3.5 Visualizing Multiple Regression
There are loads of different ways to visualize multiple regression. It’s not trivial, because we have more than two variables, so we can’t use the techniques we used already.
Some people like to use 3D-style plots, which look cool, but are not always easy to interpret, and take quite a lot of extra work, for what I would say is not that much payoff (if any).
In this case, we can use a pretty simple visualization, where we could plot the relationship of biking to heart disease at different levels of smoking.
This would be a fairly typical way to do things if we thought the relationship between biking and heart disease changed according to the level of smoking, in which case it would be a moderator. Here, it doesn’t really work that way, but it’s a cool visualization regardless.
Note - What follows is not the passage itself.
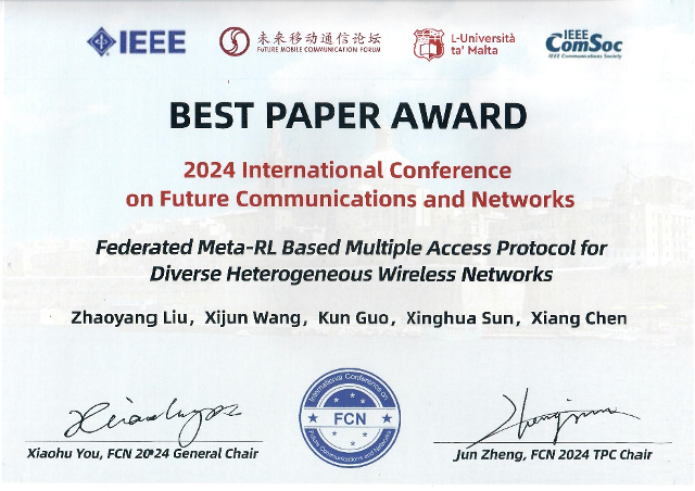 2024年11月18日至22日,第二届未来通信和网络国际会议(FCN2024)在马耳他瓦莱塔成功举行。本次大会由未来移动通信论坛与马耳他大学联合主办,并得到IEEE的技术支持,吸引了来自15个国家和地区的60余所顶尖高等院校、研究机构和企业的专家学者参与。会议覆盖了AI驱动的通信与网络、边缘与云计算、移动无线通信与网络、下一代网络与互联网、以及空天地多域通信等前沿科研方向。18小说王玺钧副教授指导的博士生刘昭炀同学的研究成果“Federated Meta-RL Based Multiple Access Protocol for Diverse Heterogeneous Wireless Networks”荣获最佳论文奖。18小说陈翔教授、华东师范大学郭坤研究员以及18小说 电子与通信工程学院孙兴华副教授为合作作者。

It does require some data prep, but not that much, and I took the basic idea from the website where I sourced the data: https://www.scribbr.com/statistics/linear-regression-in-r/
Here, we can see that the effect of smoking is really just to raise the likelihood of heart disease, however much biking you do.
So, for a given person who bikes a given amount, if they smoke more they will have a higher risk than a person who bikes the same amount but smokes less.
But, for a given smoker, the more they bike, the lower their risk of heart disease, to the extent that if a heavy smoker bikes enough, their actual risk of heart disease could even be lower than a non-smoker who does not bike at all.
Don’t forget, this is not real data, but the point stands. Get on your bike.